ABOUT THIS EXERCISE:
Omit all images, then repeat exactly the lines below from the one containing "Keywords: Christmas cookies, M&M’S" through the one containing "Решение ВОКС-Ф (волоконно-оптическая", both ends included.
____ SOURCE RECORDS
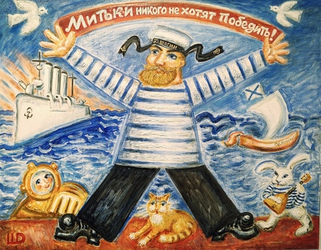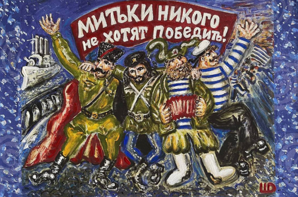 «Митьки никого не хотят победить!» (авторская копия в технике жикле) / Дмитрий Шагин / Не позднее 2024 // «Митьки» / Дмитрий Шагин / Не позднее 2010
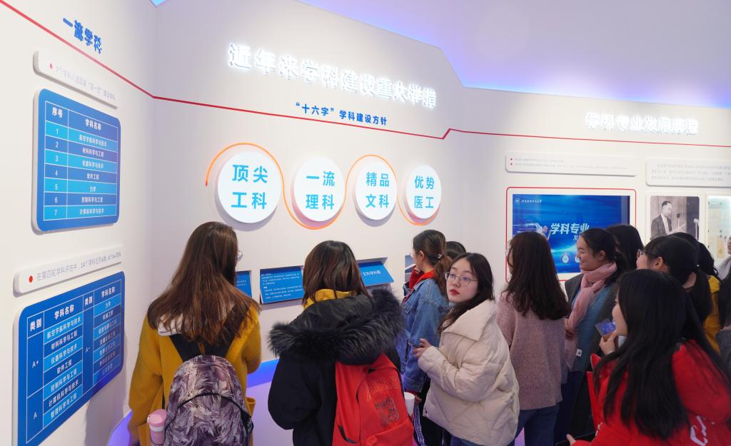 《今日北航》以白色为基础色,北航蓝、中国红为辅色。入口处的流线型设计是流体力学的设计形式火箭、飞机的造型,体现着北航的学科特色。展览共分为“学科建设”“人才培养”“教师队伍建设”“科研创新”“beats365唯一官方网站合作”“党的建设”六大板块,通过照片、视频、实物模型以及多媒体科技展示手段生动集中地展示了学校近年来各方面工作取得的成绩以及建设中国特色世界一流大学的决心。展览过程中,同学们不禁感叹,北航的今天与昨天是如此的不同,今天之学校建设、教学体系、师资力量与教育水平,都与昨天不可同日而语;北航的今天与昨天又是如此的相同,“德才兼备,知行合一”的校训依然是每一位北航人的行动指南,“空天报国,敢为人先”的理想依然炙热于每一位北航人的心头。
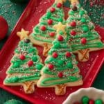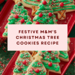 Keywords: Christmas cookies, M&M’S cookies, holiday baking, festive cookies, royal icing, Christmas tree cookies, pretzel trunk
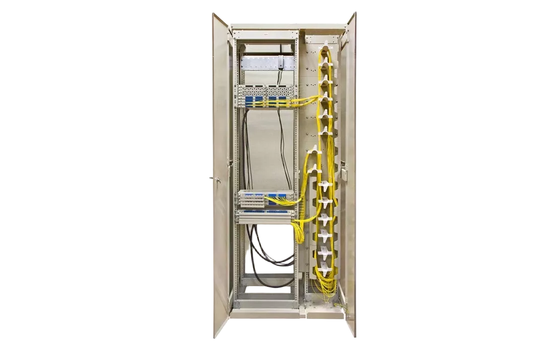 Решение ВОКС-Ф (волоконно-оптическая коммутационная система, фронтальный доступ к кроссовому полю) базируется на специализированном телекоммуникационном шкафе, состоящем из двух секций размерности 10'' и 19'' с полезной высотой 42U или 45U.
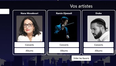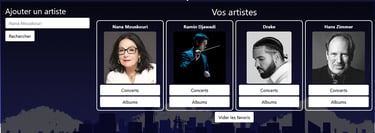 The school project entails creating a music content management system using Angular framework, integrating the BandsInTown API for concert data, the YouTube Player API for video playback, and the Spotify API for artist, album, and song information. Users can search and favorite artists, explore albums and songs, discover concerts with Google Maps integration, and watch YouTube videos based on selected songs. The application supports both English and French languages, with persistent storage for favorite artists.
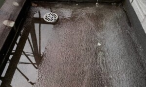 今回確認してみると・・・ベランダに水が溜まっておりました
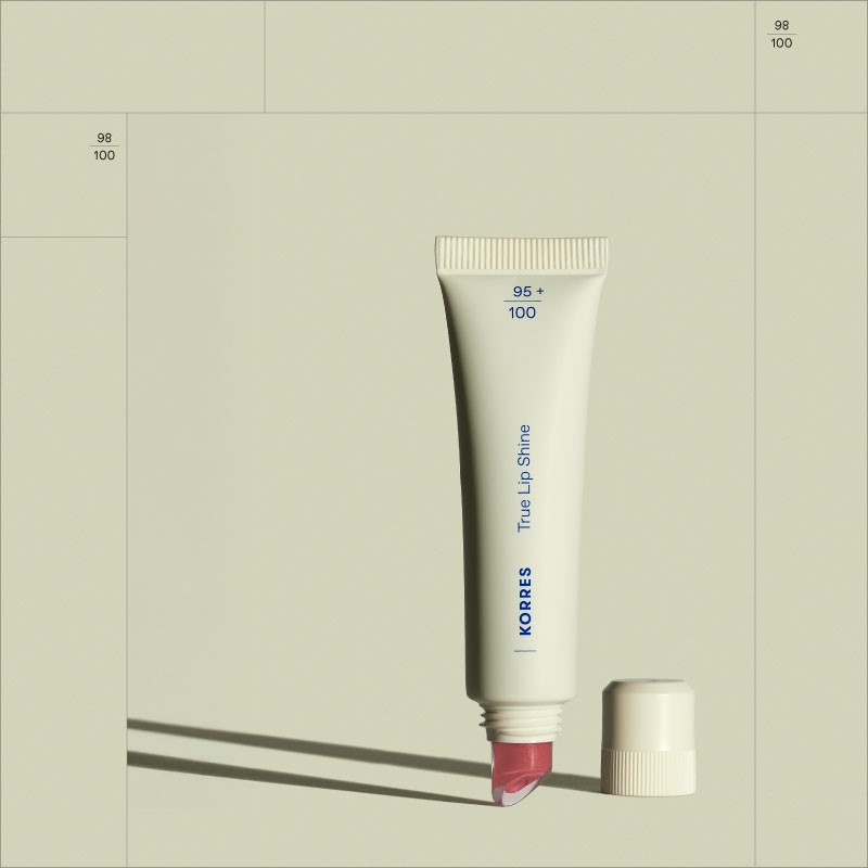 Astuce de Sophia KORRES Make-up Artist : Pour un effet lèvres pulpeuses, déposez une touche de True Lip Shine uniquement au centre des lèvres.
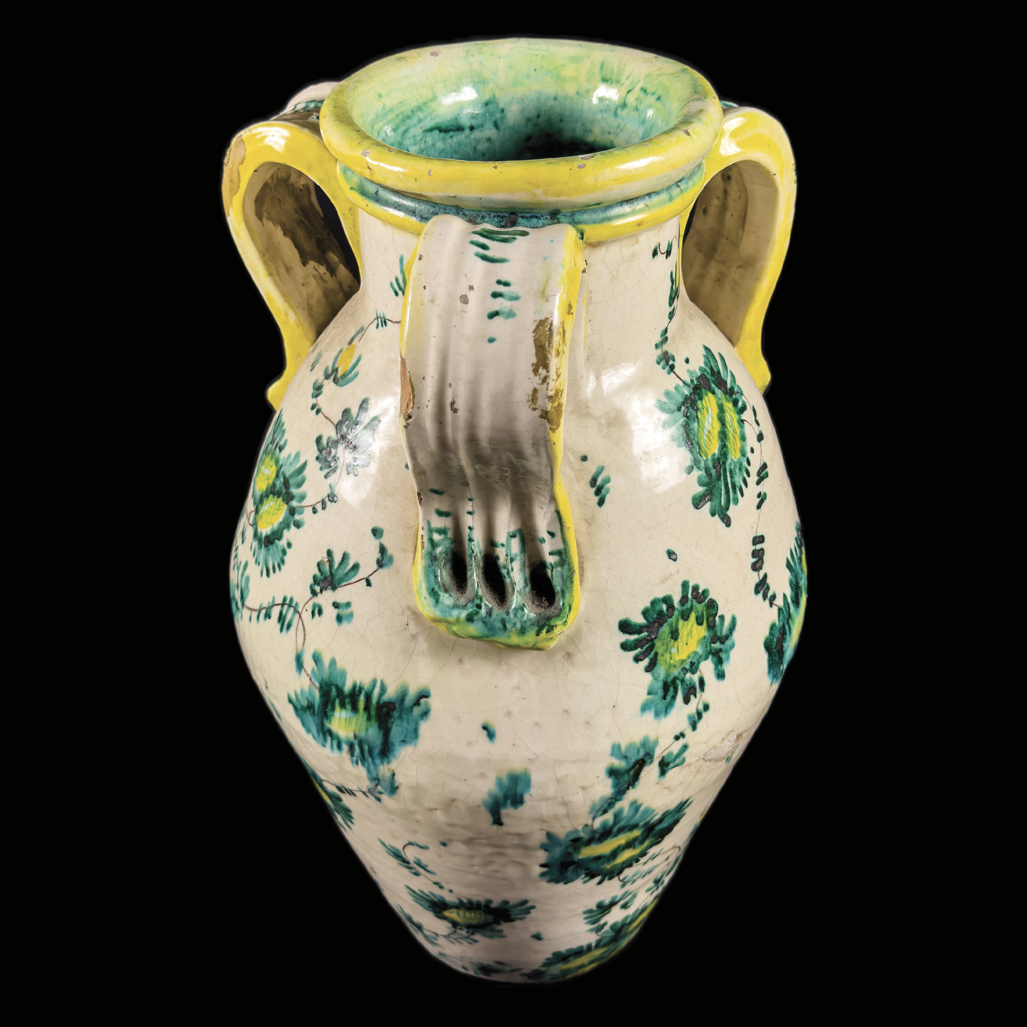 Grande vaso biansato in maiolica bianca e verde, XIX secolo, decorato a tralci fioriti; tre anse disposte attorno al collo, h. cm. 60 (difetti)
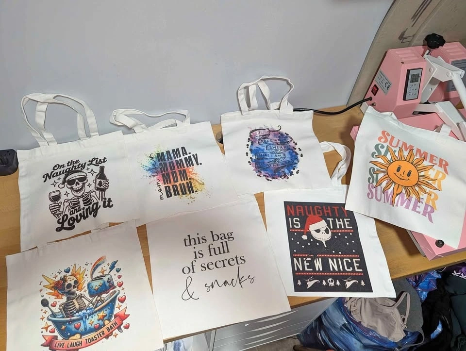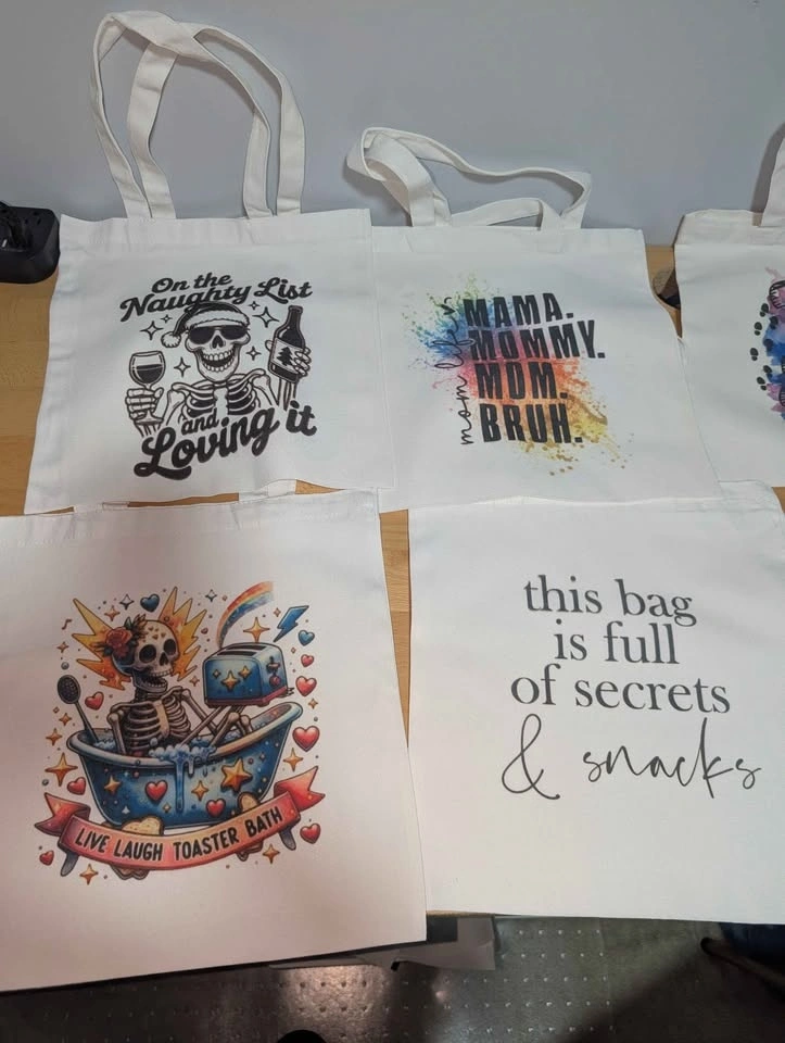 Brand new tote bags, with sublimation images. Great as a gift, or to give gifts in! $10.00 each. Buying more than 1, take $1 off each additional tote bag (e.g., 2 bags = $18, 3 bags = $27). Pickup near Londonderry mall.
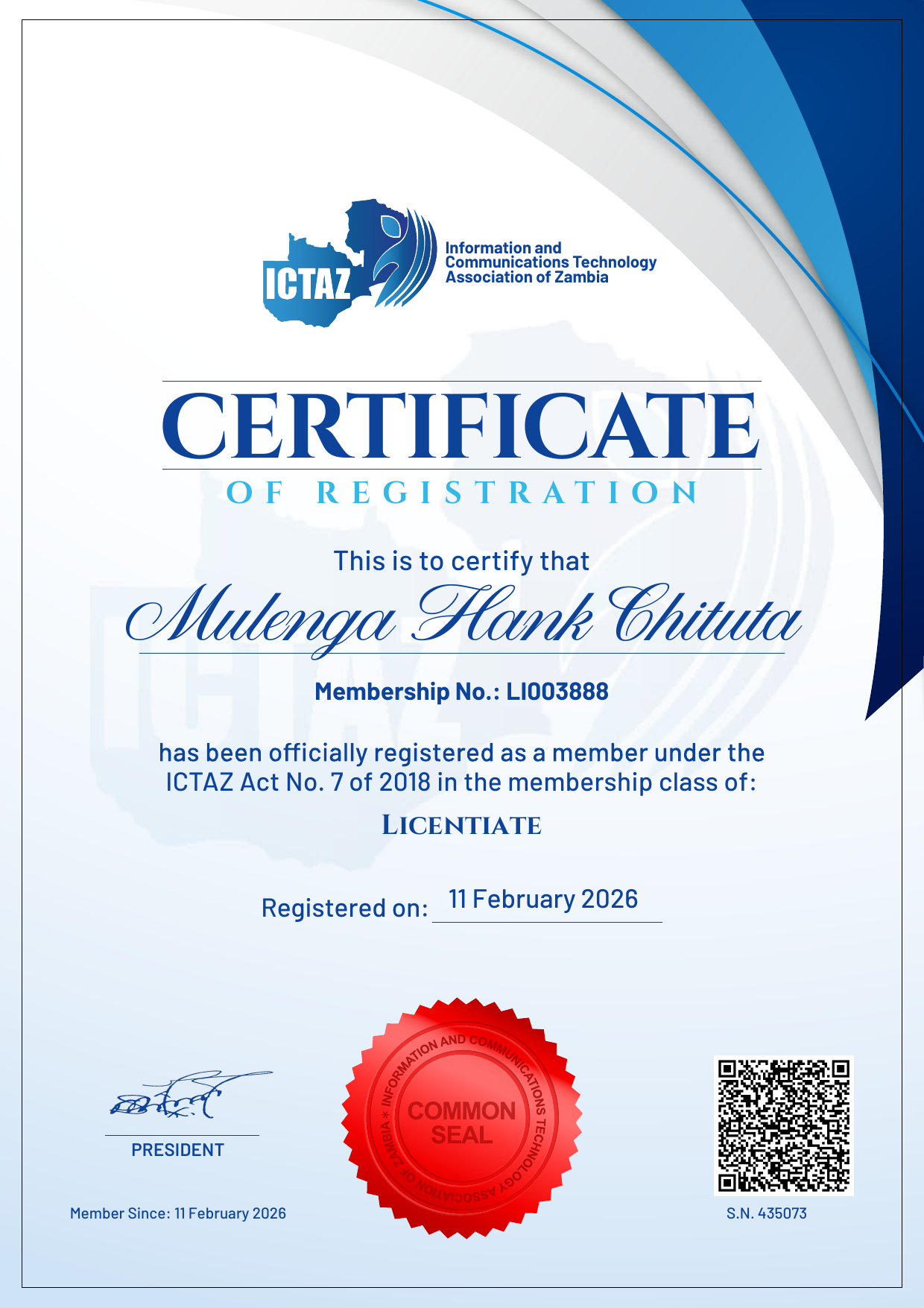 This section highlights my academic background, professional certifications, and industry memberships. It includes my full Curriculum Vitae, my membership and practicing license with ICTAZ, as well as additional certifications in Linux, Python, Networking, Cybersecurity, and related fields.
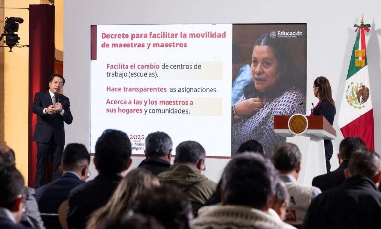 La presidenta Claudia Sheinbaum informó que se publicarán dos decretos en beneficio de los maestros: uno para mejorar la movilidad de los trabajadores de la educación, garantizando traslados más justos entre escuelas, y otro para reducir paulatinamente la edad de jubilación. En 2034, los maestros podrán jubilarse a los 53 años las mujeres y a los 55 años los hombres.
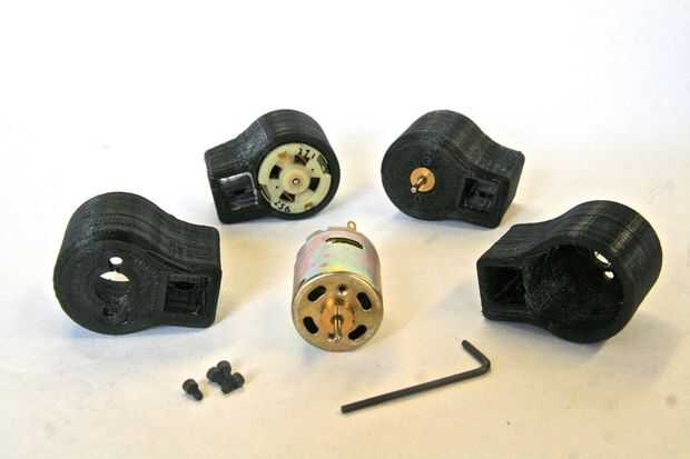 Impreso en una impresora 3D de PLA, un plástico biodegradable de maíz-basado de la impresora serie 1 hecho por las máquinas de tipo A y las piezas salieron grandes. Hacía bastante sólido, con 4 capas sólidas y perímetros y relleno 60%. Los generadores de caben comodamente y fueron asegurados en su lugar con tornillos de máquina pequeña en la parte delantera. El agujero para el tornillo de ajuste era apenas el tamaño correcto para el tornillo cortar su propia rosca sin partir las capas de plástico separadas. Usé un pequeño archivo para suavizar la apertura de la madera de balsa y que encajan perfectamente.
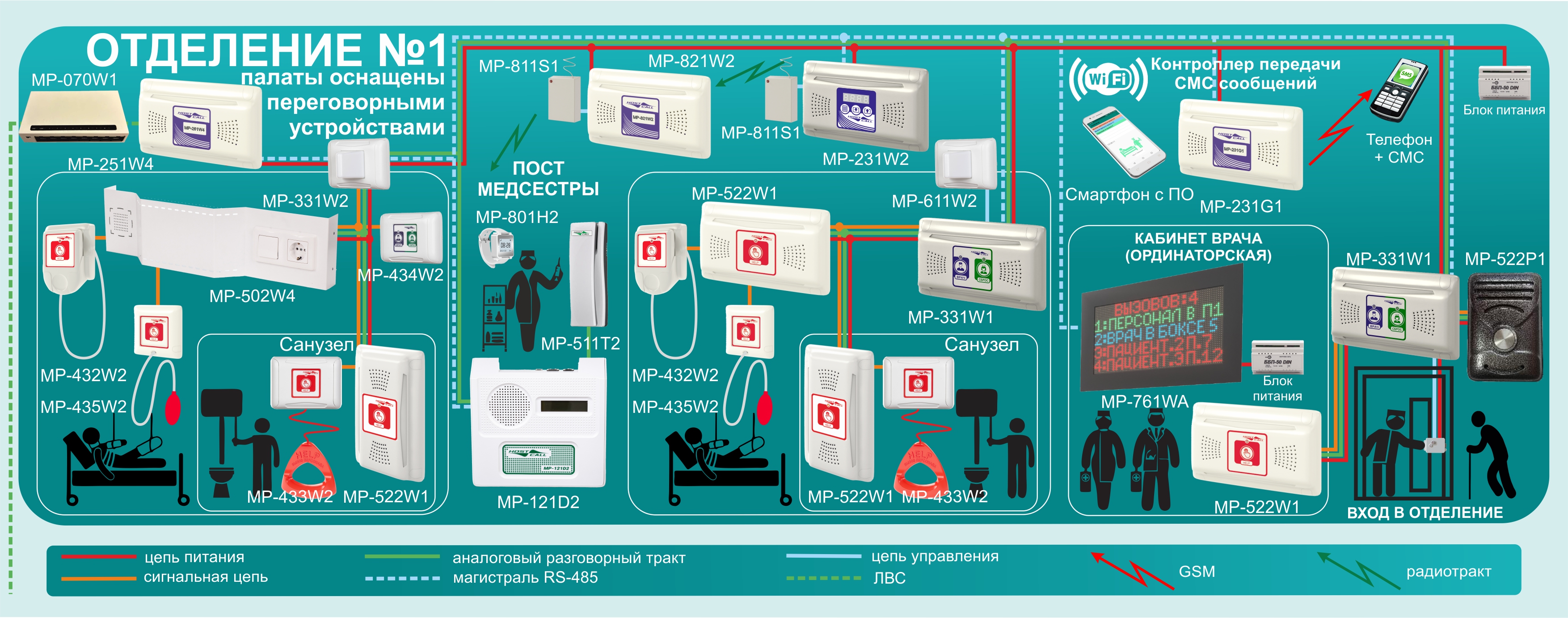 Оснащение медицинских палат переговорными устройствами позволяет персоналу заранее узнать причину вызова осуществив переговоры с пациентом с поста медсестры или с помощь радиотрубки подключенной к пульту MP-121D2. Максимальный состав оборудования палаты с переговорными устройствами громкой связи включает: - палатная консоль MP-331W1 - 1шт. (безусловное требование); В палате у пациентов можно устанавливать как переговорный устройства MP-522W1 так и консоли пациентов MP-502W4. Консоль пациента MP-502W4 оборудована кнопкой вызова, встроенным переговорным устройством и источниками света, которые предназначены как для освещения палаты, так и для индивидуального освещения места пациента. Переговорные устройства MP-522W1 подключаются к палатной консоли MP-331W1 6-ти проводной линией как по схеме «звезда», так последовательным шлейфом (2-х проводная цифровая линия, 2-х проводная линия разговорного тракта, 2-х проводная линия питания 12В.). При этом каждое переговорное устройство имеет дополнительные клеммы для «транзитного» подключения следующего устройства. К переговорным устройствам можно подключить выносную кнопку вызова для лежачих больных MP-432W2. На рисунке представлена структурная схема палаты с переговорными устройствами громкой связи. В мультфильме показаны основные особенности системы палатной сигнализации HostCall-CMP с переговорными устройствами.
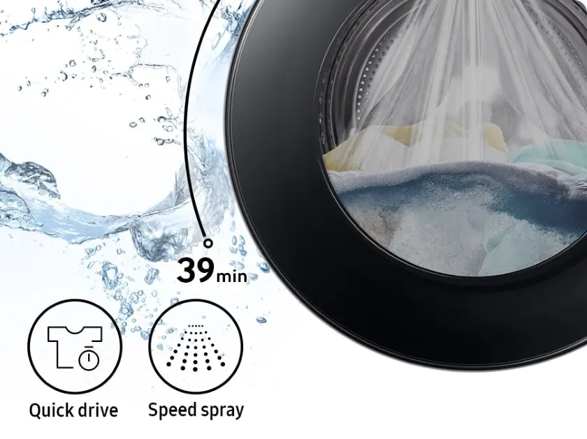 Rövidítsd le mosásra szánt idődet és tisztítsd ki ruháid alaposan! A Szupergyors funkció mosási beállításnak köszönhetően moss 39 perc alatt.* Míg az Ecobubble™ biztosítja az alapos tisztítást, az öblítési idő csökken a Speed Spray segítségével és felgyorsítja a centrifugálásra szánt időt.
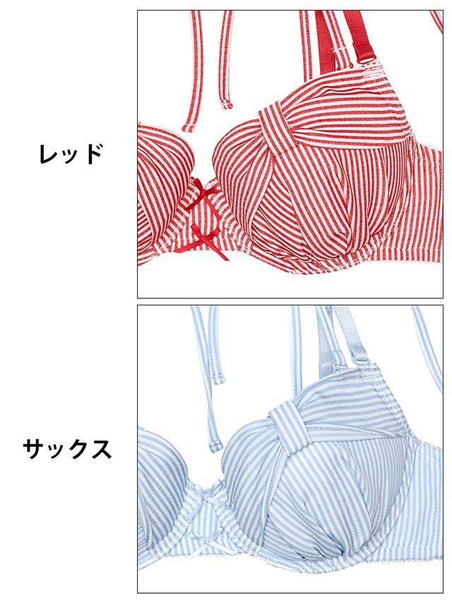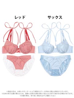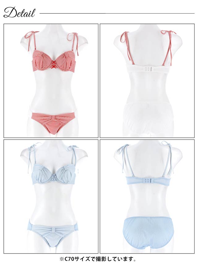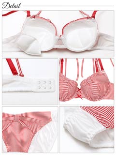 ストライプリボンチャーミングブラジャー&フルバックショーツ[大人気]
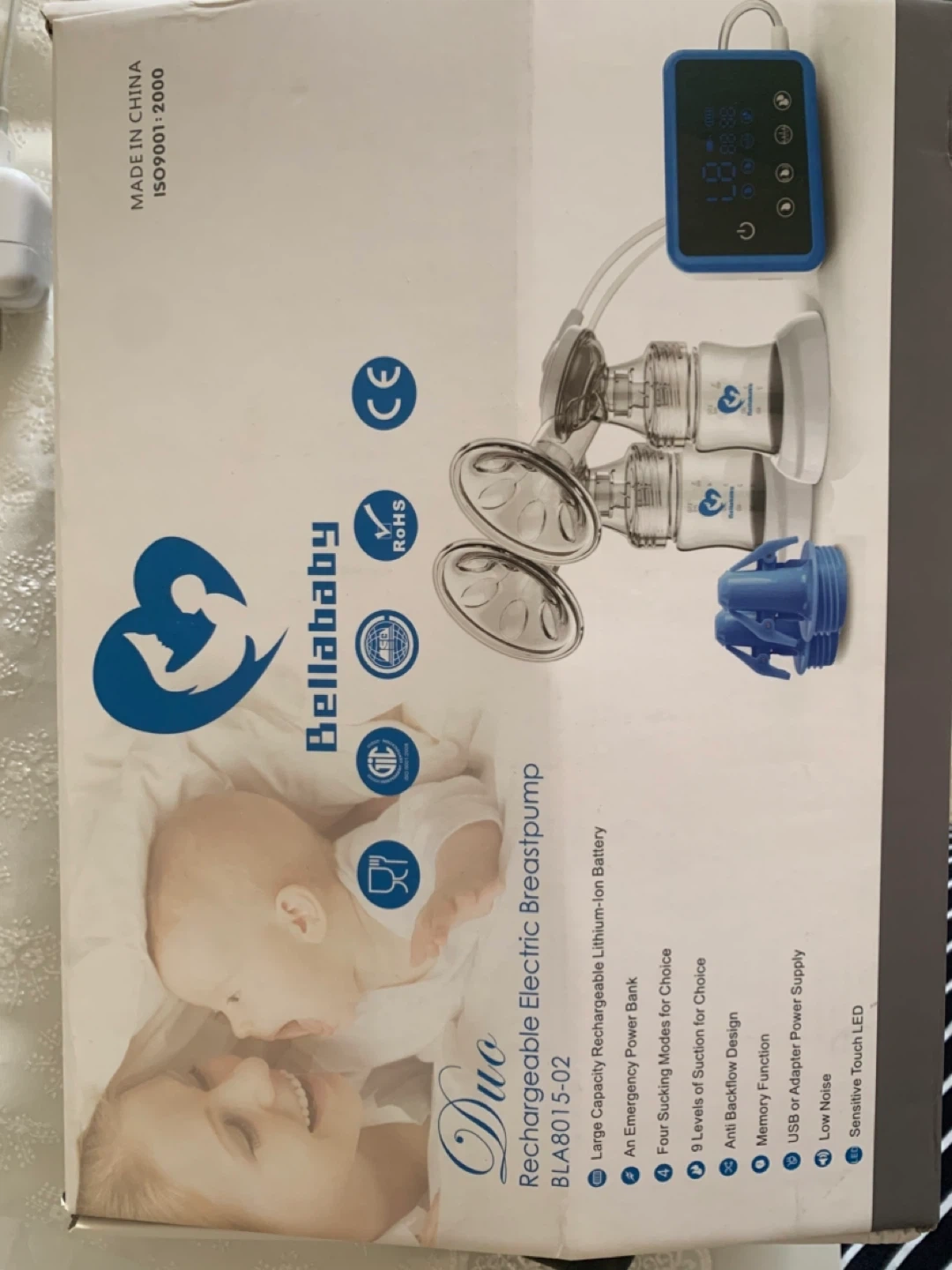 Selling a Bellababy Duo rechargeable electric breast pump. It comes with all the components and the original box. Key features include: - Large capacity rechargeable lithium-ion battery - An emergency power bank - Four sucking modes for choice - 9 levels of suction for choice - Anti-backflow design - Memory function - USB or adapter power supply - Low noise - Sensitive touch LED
________
TASK SOLUTION:
 Keywords: Christmas cookies, M&M’S cookies, holiday baking, festive cookies, royal icing, Christmas tree cookies, pretzel trunk
 Решение ВОКС-Ф (волоконно-оптическая коммутационная система, фронтальный доступ к кроссовому полю) базируется на специализированном телекоммуникационном шкафе, состоящем из двух секций размерности 10'' и 19'' с полезной высотой 42U или 45U.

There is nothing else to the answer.